Sobre todo, López destacó que la cita ya se ha consagrado como una de las más importantes de la ciudad durante la época estival, así como el preludio para las Fiestas de María Pita.  Y sobre todo, recalcó el retorno económico que supone para la ciudad. “Apenas había una habitación libre en un hostal desde la plaza de Pontevedra hasta aquí (el casco antiguo)”, comentó el portavoz de los comerciantes. 

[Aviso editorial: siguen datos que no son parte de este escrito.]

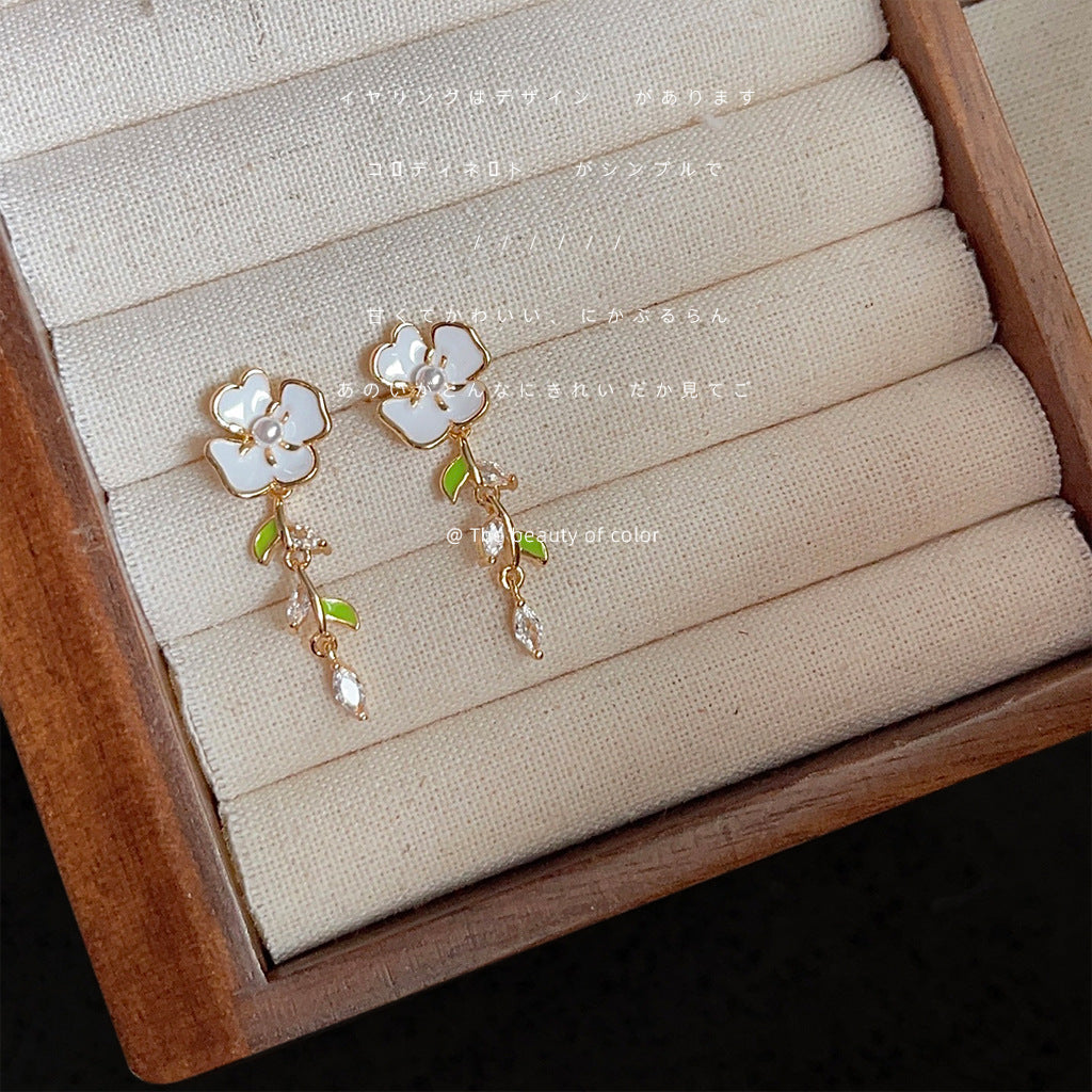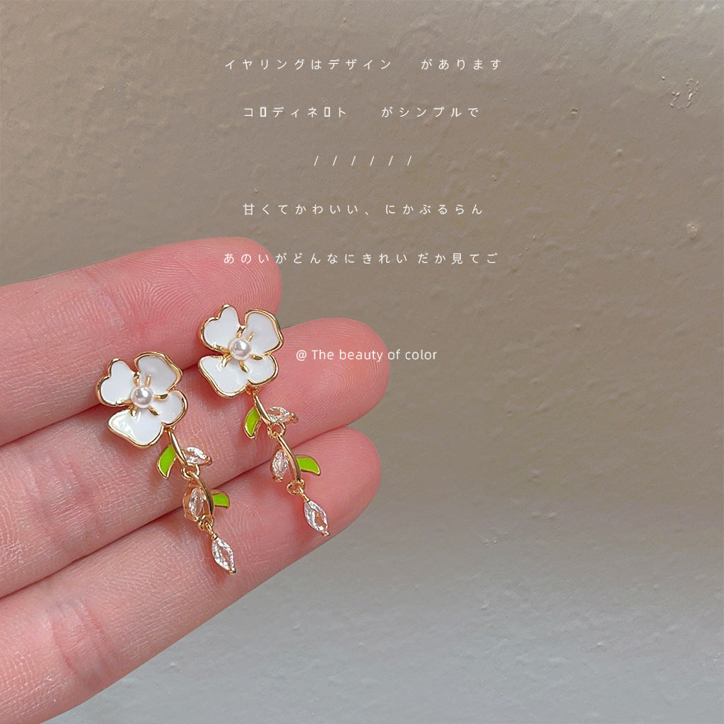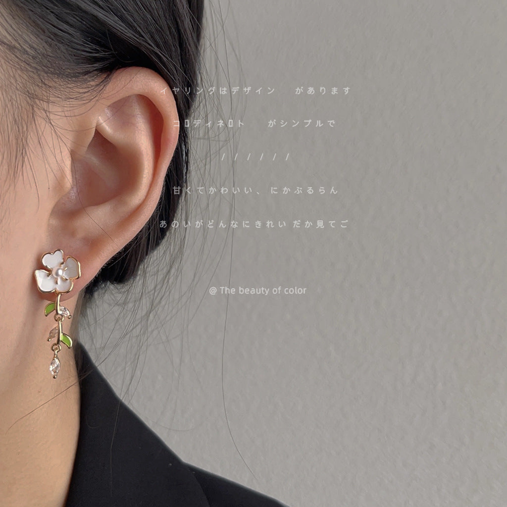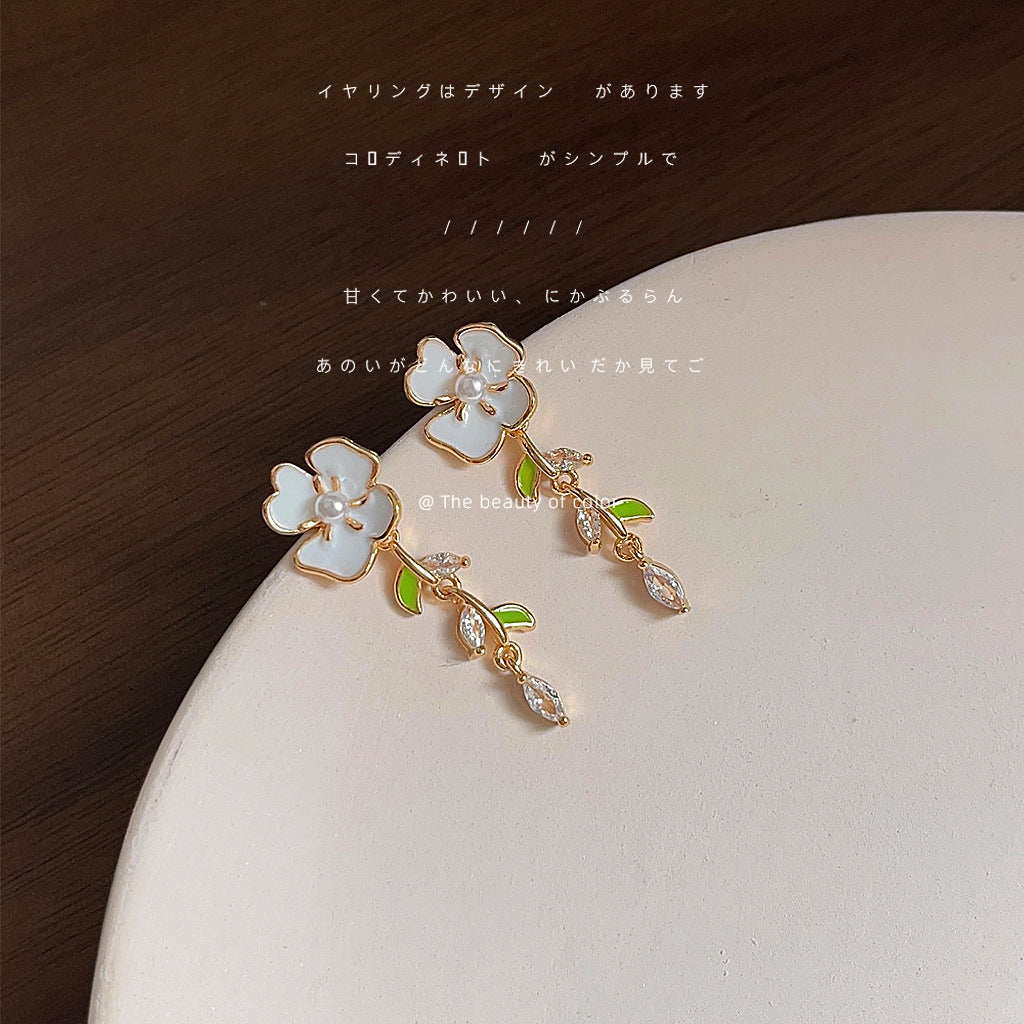 A廠【2551】春夏森系清新微鑲鋯石花朵耳環925銀針度假風滴釉樹葉甜美耳飾女 25.11-4

No solo los hosteleros del casco antiguo se vieron beneficiados por la afluencia de visitantes, sino también todos los del Ensanche. “La calle de la Franja estaba llena un jueves”, ejemplificó. También destacó que, además de los 200 puestos de trabajo que suponen los feriantes, hay que añadir los cerca de cien que generan los locales de hostelería al contratar personal de refuerzo y cuyo contrato, en muchos casos, se prolonga hasta el final de verano. 
Peatonalización 
López aseguró que la peatonalización no marcó para nada esta edición de la feria. “La única diferencia es que antes había barreras en los accesos, y esta vez apenas hubo alguna”, mantiene. Claro que también hubo más multas por estacionamiento indebido. Durante los  seis días en los que los visitantes han podido disfrutar de las actuaciones de los animadores, de la comida de los puestos, y de las chucherías de los tenderetes. Pero aquellos que aparcaron en el espacio para residentes, se llevaron como recuerdo una multa de cien euros por aparcar en zona para residentes. Porque, según fuentes municipales, las denuncias por este motivo se dispararon durante la semana pasada. 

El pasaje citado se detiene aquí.